Had severance been granted and Conley tried for the firearms violation alone, evidence of his possession of the tires and the circumstances surrounding his acquisition would have been relevant and admissible in establishing the inference he was also in possession of the pistol. State v. Slaney, 68 Wn.2d 93, 411 P.2d 426 (1966). If evidence of one crime is admissible to prove an element of a second, joinder of the two crimes cannot be said to be unlawfully prejudicial, where the criteria of this statute is otherwise met. Drew v. United States, 331 F.2d 85, 88 (D.C. Cir.1964).

State v. Ranicke, 3 Wn.

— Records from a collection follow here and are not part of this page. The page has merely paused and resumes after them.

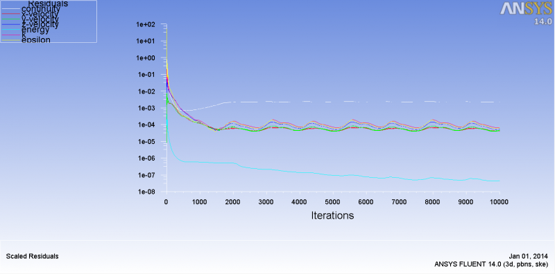 模拟了10000步 残差迭代曲线见第一幅图: 1500步的模拟结果见第二幅图: 10000步模拟结果见第三幅图: 从侧边值域可以看出,两个不同步数的计算结果有一定差距,请各位大神指导,这是有曲线波动造成的还是10000步的结果比1500步的结果更精确?还是有其他的原因?谢谢各位对此简单问题的悉心解答! 001 002 003 |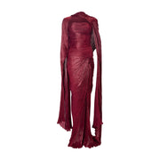 STRAPLESS PLEATED CHIFFON GEORGETE DRESS WITH PLEATED CAPE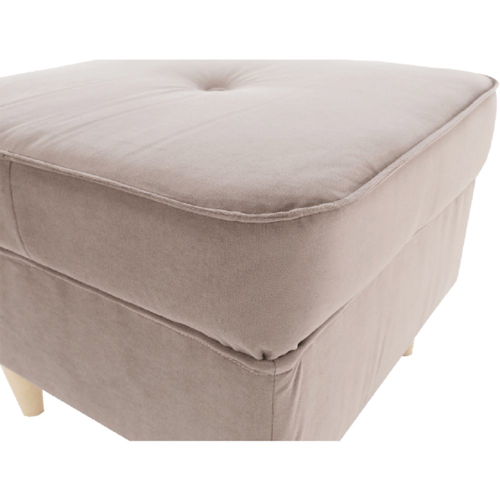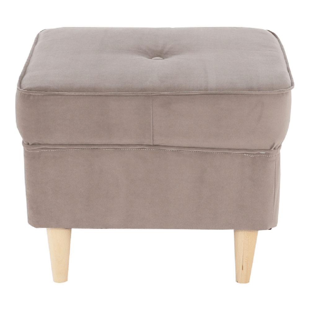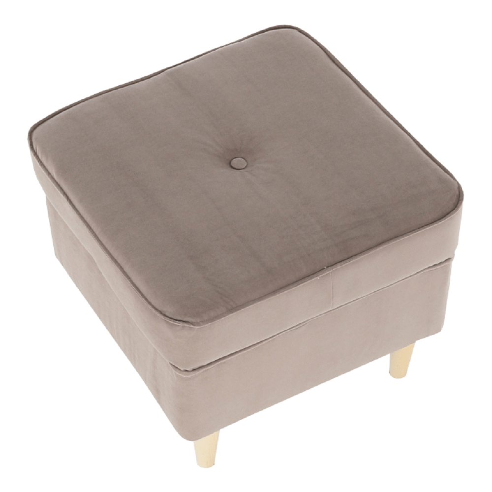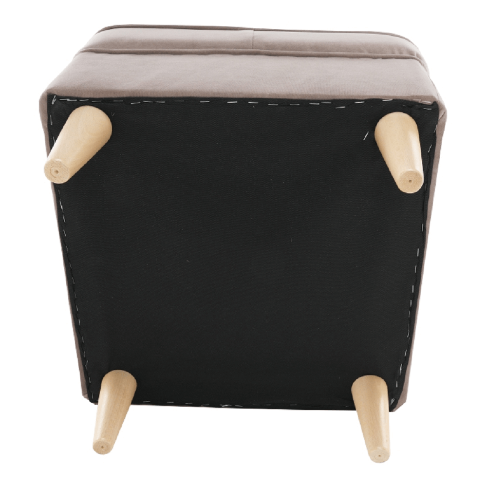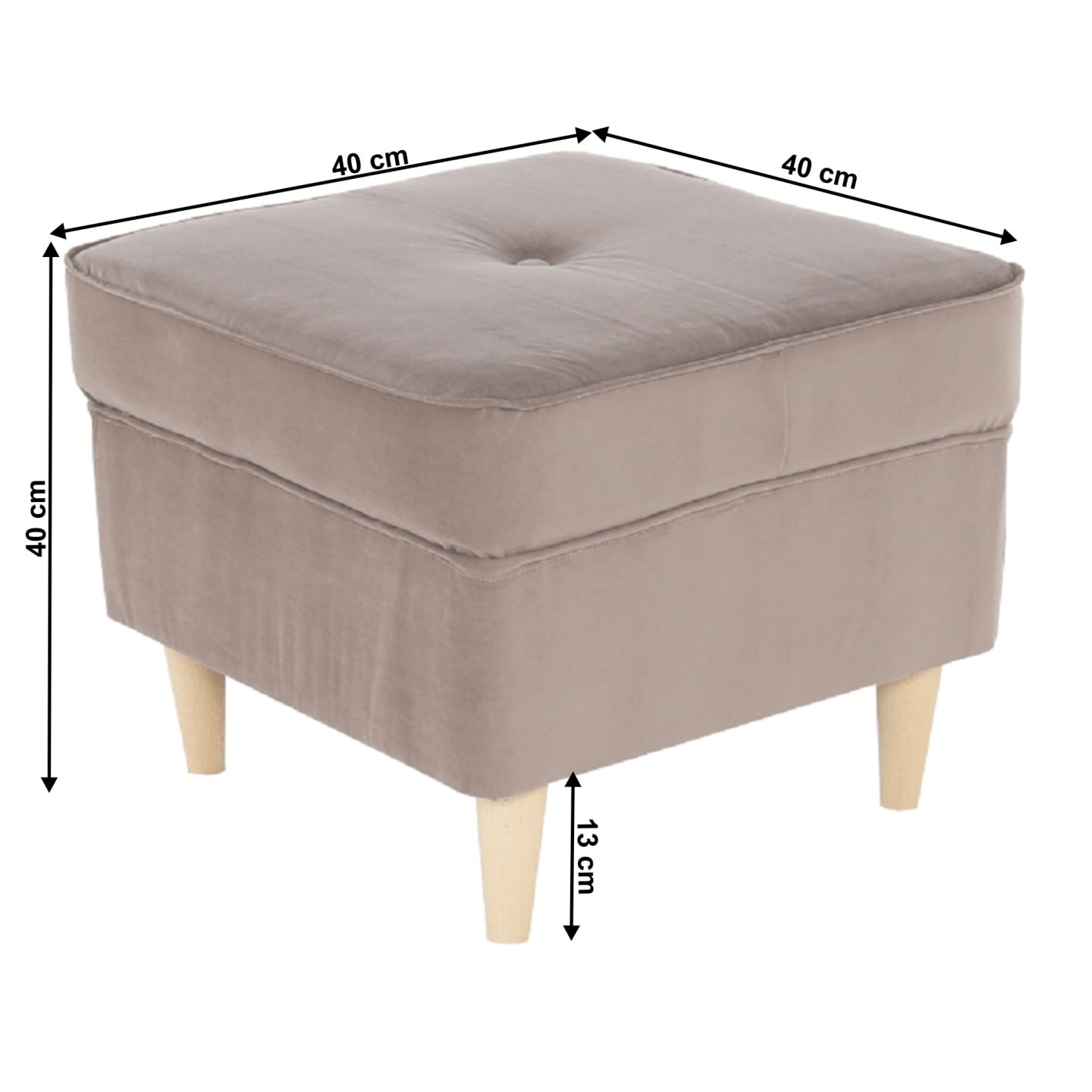 Moderní taburet RUFINO 3 NEW Materiál: látka Trinity / dřevo Oděruodolnost textilie podle testu Martindale: 55 000 oděrek Barva: béžovosivá / buk Rozměry: (ŠxHxV): 40x40x40 cm Výška spodního prostoru od podlahy: 13 cm Nosnost na osobu: 110 kg Dodávány v monte.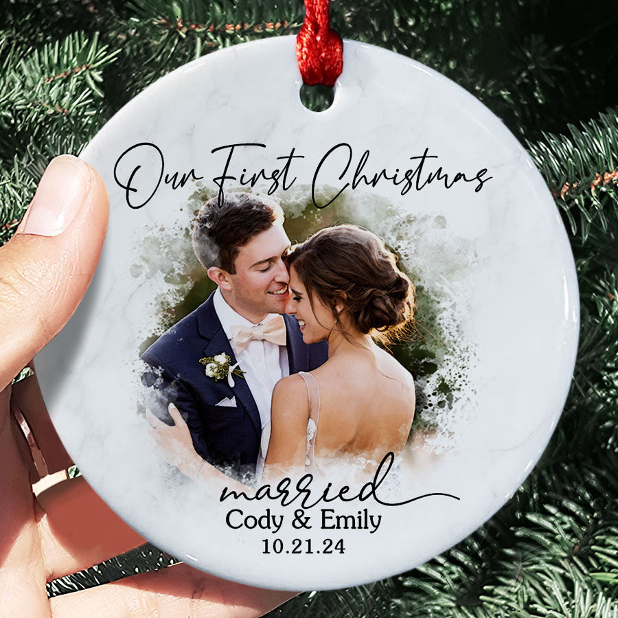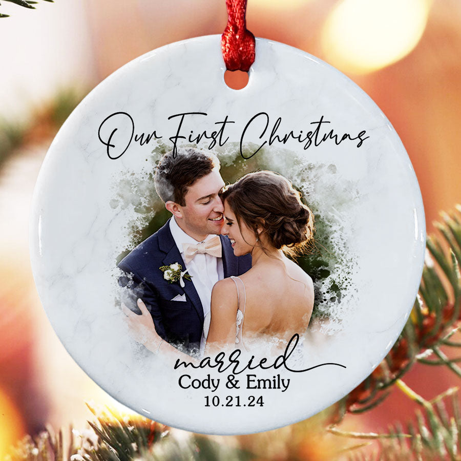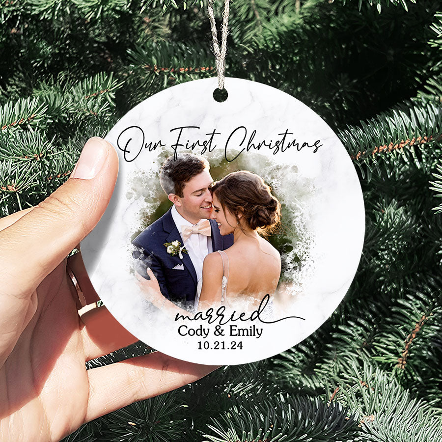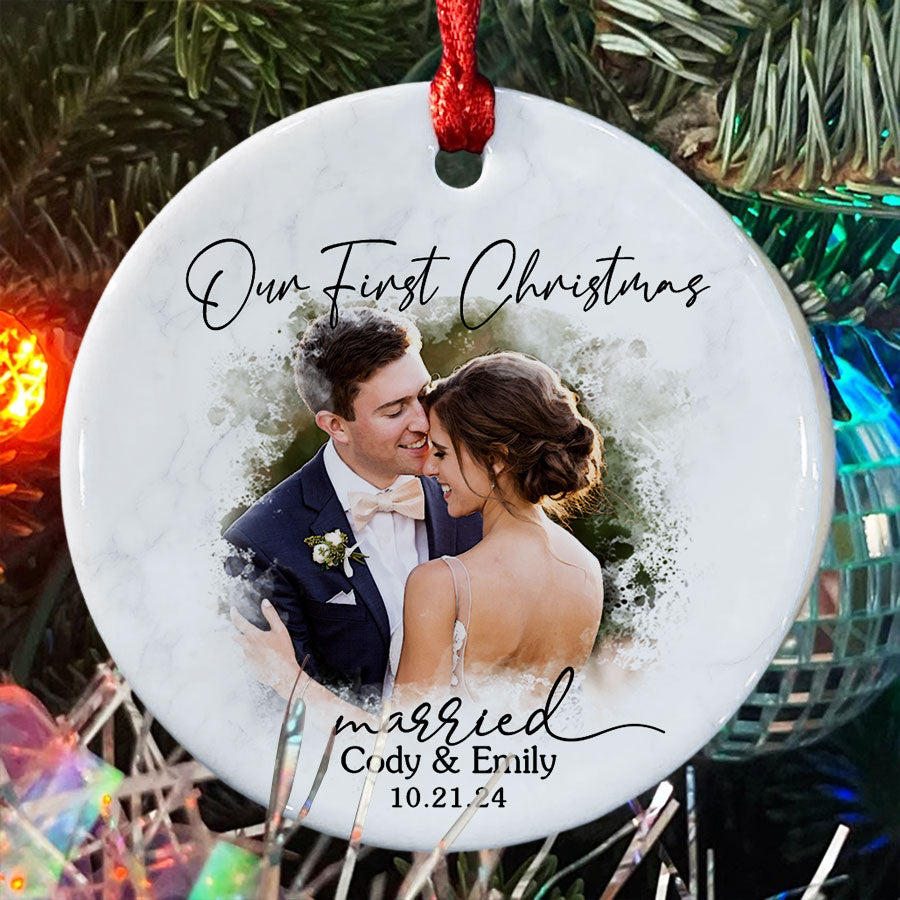 Celebrate your First Christmas together with our our first christmas married ornament | custom photo ceramic ornament for couple | 1-side printed circle shape designed specifically for couples! These beautiful ornaments are not just decorations; they are cherished keepsakes that capture the magic of your love story.

App. 892, 895, 479 P.2d 135 (1970), set forth the common scheme, plan or identity rule as follows:

The general rule stated in State v. Goebel, 40 Wn.2d 18, 21, 240 P.2d 251 (1952), is that a defendant must be tried for the offenses charged in the information, and evidence of unrelated crimes may not be admitted unless certain exceptions exist:
These exceptions are to show (1) motive, (2) intent, (3) the absence of accident or mistake, (4) a common scheme or plan, or (5) identity. This list of exceptions is not necessarily exclusive, the true test being whether the evidence as to other offenses is relevant *778 and necessary to prove an essential ingredient of the crime charged. State v. Lew, 26 Wn. (2d) 394, 174 P. (2d) 291.

The test is whether the questioned evidence tends to establish motive, intent, absence of accident or mistake, common scheme or plan, or identity or presence. State v. Boggs, 80 Wn.2d 427, 495 P.2d 321 (1972). We think the evidence of the participation in the other robbery would show the common plan, scheme and design similarity between the two crimes. Both were nighttime robberies of retail establishments conducted by two or three accomplices who took cash and made their escape by automobile. The defendant was identified as being the man who held the gun in both robberies. This evidence would be admissible, in any event, to show plan, scheme, design or identity whether the transactions were joined in one information or only one count was charged; and, therefore, the joinder of the two counts was not prejudicial or confounding and was proper. The elements found persuasive in State v. Smith, supra, as dispelling prejudice and confusion are present here. See also State v. Courville, 63 Wn.2d 498, 387 P.2d 938 (1963); State v. Hink, 6 Wn. App. 374, 492 P.2d 1053 (1971); 41 Am.Jur.2d Indictments and Informations § 224 (1968).

The defendant argues he should have an absolute right to severance since the two offenses were joined for trial solely on the ground that they are of the same character and that the adoption of Washington Proposed Rules of Criminal Procedure, Rule 4.4(b)(1) would give him such a right. The rule has not been adopted, however; and RCW 10.37.060 and cases construing it are the law until changed.

The judgment is affirmed.

HOROWITZ, C.J., and WILLIAMS, J., concur.

Petition for rehearing denied January 26, 1973.

Review denied by Supreme Court March 20, 1973.